TASK DIRECTIONS:
Everything in the listing below except the pictures should be reproduced exactly.

SOURCE DATA:
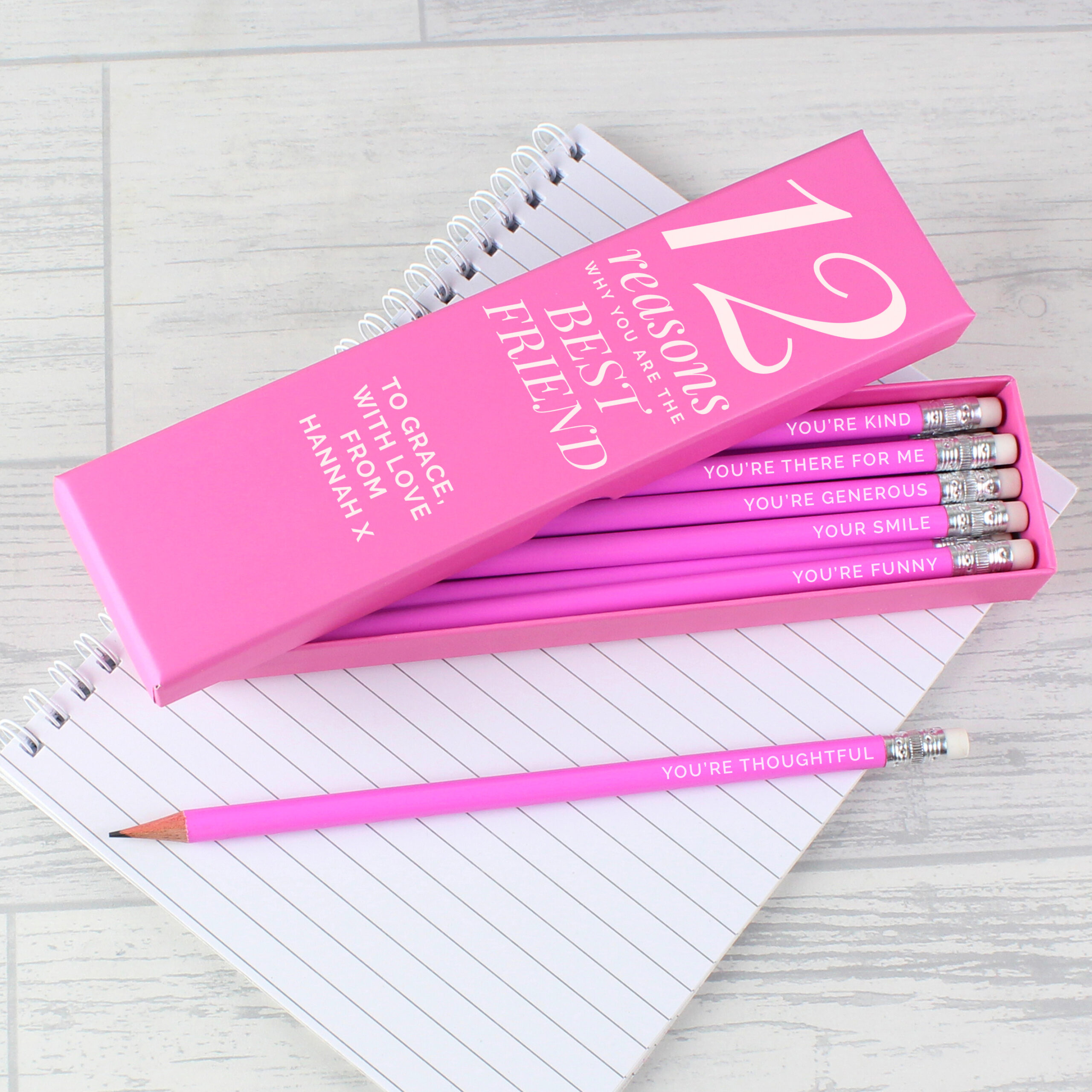 The sleek pink box serves as a canvas for your custom heading and message, while each of the 12 pencils inside is individually engraved with your own words.
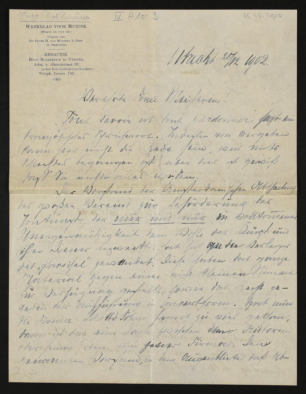 eigenhändiger Brief von Hugo Nolthenius an Cosima Wagner
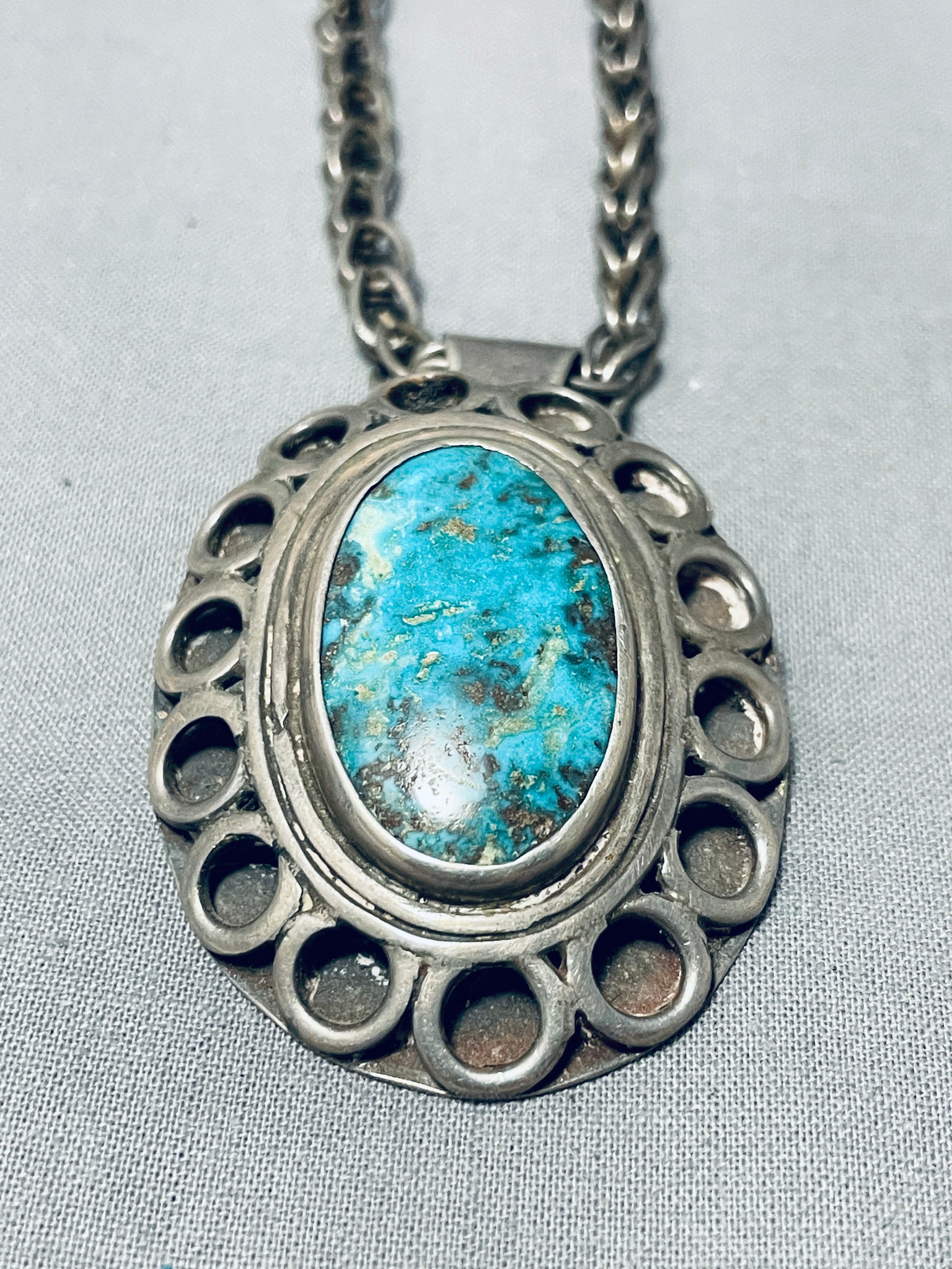 Southwest Amazing Blue Gem Turquoise Sterling Silver Necklace

COMPLETED TASK:
 The sleek pink box serves as a canvas for your custom heading and message, while each of the 12 pencils inside is individually engraved with your own words.
 eigenhändiger Brief von Hugo Nolthenius an Cosima Wagner
 Southwest Amazing Blue Gem Turquoise Sterling Silver Necklace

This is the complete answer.